> _SUPPLIED INFORMATION_:
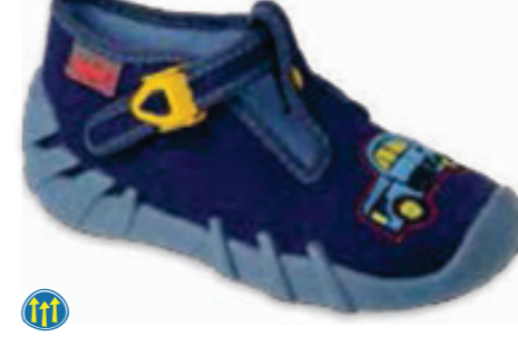
080 110P446 SPEEDY 18-26
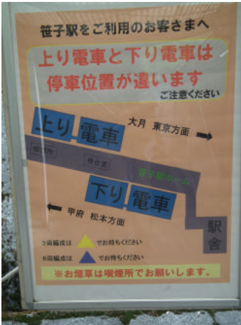
笹子駅のホーム 後の車両に
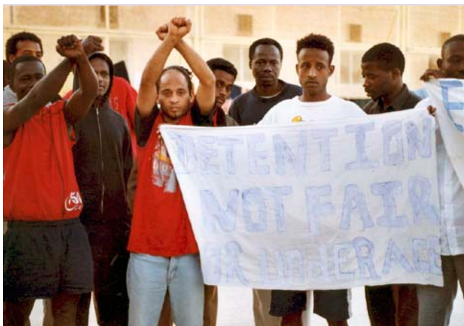
Detención (Isla de Malta, Centro de Detención de Inmigrantes HAL FAR)
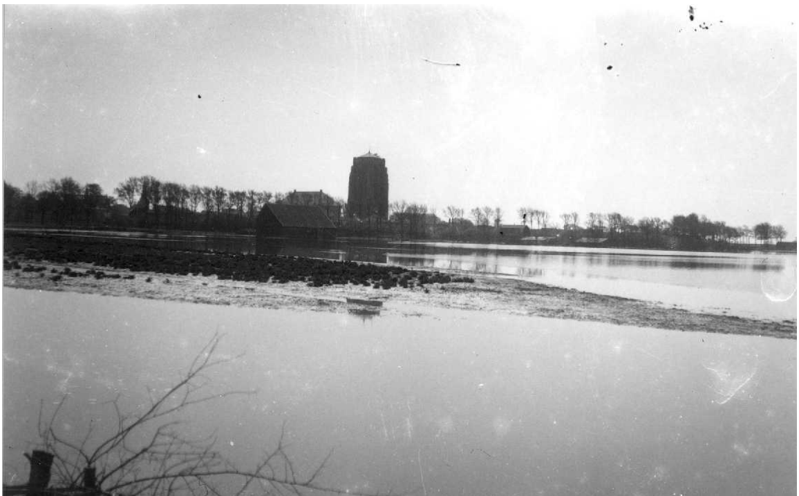
Ondergelopen weilanden ten noorden van Zierikzee als gevolg van de inundatie

Het duurde tot november 1945 voordat alle onder water gezette polders weer waren drooggelegd. De verzilte landbouwakkers moesten door beregening eerst langdurig worden gespoeld en daarna bewerkt met grote hoeveelheden landbouwgips. Pas na enkele jaren waren de akkers weer geschikt om te worden bewerkt.
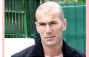
Zinedine Zidane (né à Marseille de parents Kabyle originaire d'Algérie)
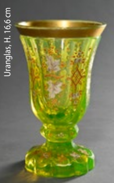
Uraglas, H. 16,6 cm
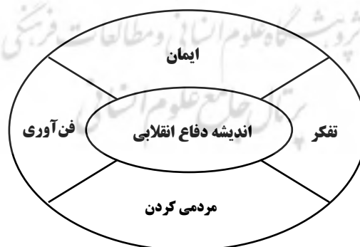
شکل 1: اصول اندیشه دفاع انقلابی

اندیشه چریکی که در جبهه‌ها آزمایش گردید و از پاسخ به مسائل اصلی جنگ ناکام ماند، عمدتاً بر محور ترجیح فکر و اندیشه بر فن آوری استوار بود و تجارب نبردهای چریکی قرن بیستم بدست آمده بود. برای برون رفت از مشکلات و معضلات مطرح شده اندیشه دفاع انقلابی تبیین گردید که بر پایه‌های اندیشه، ایمان، مردمی کردن دفاع و فن آوری استوار بود. اندیشه دفاع انقلابی معتقد بود که نتیجه نبرد در عرصه فکر و ایمان (یعنی باور) در بستر جامعه مشخص خواهد شد. در این دیدگاه فن آوری یک ابزار مفید برای کسب موفقیت است.

> _TASK STATEMENT_: The material is to be written out word for word, and the pictures are to be left out.

> _SOLUTION TO THE EXERCISE_:
080 110P446 SPEEDY 18-26
笹子駅のホーム 後の車両に
Detención (Isla de Malta, Centro de Detención de Inmigrantes HAL FAR)
Ondergelopen weilanden ten noorden van Zierikzee als gevolg van de inundatie

Het duurde tot november 1945 voordat alle onder water gezette polders weer waren drooggelegd. De verzilte landbouwakkers moesten door beregening eerst langdurig worden gespoeld en daarna bewerkt met grote hoeveelheden landbouwgips. Pas na enkele jaren waren de akkers weer geschikt om te worden bewerkt.
Zinedine Zidane (né à Marseille de parents Kabyle originaire d'Algérie)
Uraglas, H. 16,6 cm
شکل 1: اصول اندیشه دفاع انقلابی

اندیشه چریکی که در جبهه‌ها آزمایش گردید و از پاسخ به مسائل اصلی جنگ ناکام ماند، عمدتاً بر محور ترجیح فکر و اندیشه بر فن آوری استوار بود و تجارب نبردهای چریکی قرن بیستم بدست آمده بود. برای برون رفت از مشکلات و معضلات مطرح شده اندیشه دفاع انقلابی تبیین گردید که بر پایه‌های اندیشه، ایمان، مردمی کردن دفاع و فن آوری استوار بود. اندیشه دفاع انقلابی معتقد بود که نتیجه نبرد در عرصه فکر و ایمان (یعنی باور) در بستر جامعه مشخص خواهد شد. در این دیدگاه فن آوری یک ابزار مفید برای کسب موفقیت است.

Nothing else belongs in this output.